Whitney Houston's 1992 cover version of Dolly Parton's I Will Always Love You is one of Foster's most successful productions. The single spent 14 weeks at No. 1 on the Billboard Hot 100 Chart.
"I caught Whitney at her finest moment, vocally," Foster says.
"I got her most days after she'd been filming, and she'd come to the studio late at night. And it was really tough on her. But she would just step into the studio, rip off her coat and go, like a racehorse. It was incredible. We had a great time together."
Before putting the finishing touches on I Will Always Love You, Foster sent record executive Clive Davis a rough mix. It was just meant as an update of a work in progress, but Davis was blown away by the mix. He insisted that they release it as is.
Foster was not pleased.
"I had done a bunch more work on the song.
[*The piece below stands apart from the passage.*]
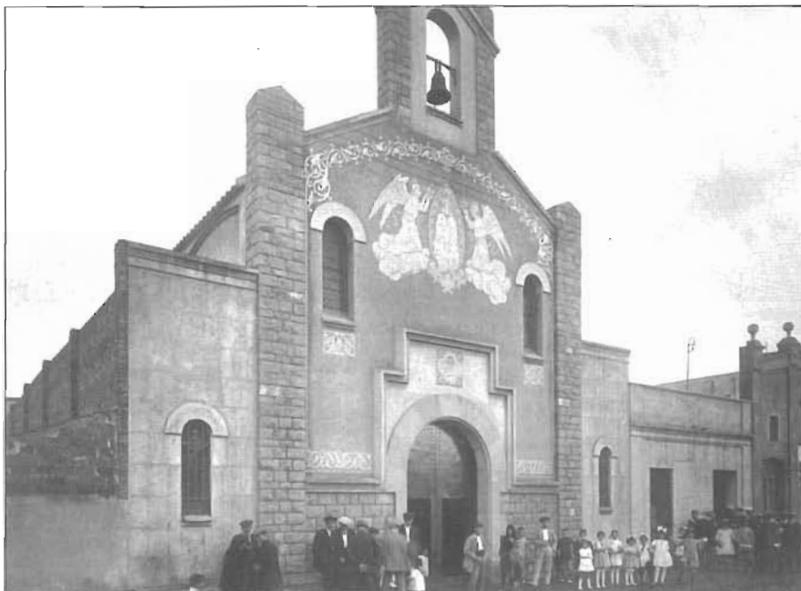
Antiga església de Sant Francesc d'Assís, anys trenta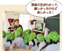
野菜の花がわかって、楽しかったけれど楽しかった!

And I liked the extra work I'd done. But Clive Davis liked the rough mix. And we argued," recounts Foster.
"I was literally yelling at him … but he got his way."
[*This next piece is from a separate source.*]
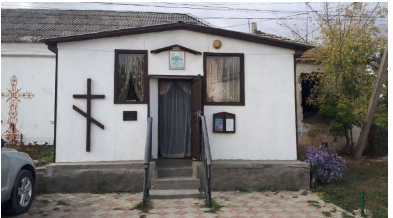
Церковь Блаженной Ксении – Дубки

The album went on to win a Grammy for Record of the Year, along with countless other awards.
Foster was an early booster of Céline Dion, and played a key role in bringing her voice to English audiences. He fondly remembers first hearing her sing at a Sunday afternoon picnic in a tent in Montreal in the md 1980s.
"It was insane. It was pouring rain. There were people talking and not paying much attention to her ... and I'm like, are you hearing what I'm hearing?" he says. "And it took her years to become a star."
When Dion went down to Los Angeles to work with Foster, he says he told her: "You're going to be known by your first name only. They won't even have to say your last name."
The two of them had great success together, with hits such as The Power of Love, All By Myself and Surrender.
Foster and Dion continue to be good friends, but they did have a major disagreement in the mid-1990s. Dion and her manager-husband René Angélil asked Foster to produce a song for the soundtrack of the movie Titanic. The song was My Heart Will Go On.
"I just wasn't a fan of the song," says Foster. "I thought it was a melody that should never have lyrics to it and never be sung. I said, 'I don't want to produce this song, I don't like it.'"
So Foster sat on the sidelines for that one, and My Heart Will Go On became known as one of Dion's signature songs.
Although he still doesn't like it, Foster concedes that he clearly misjudged the song's potential.
"Hey, If you're gonna be wrong, you gotta be wrong big."
Foster has just wrapped up a U.S. solo tour, and is set to travel across Canada for a series of shows.
"All of the artists I've worked with get to have that feeling after they've left me of performing those songs that we've worked on together, and getting feedback from the audience. And I've never had that," he says.
"So I've started touring, and it's felt good."
Foster has lived in Malibu, Calif., since the 1980s, but he has always kept close ties to Canada, and says he is excited about the cross-country tour.
"I'm a huge flag-waver. I love telling people I'm from Canada. It's going to be fun."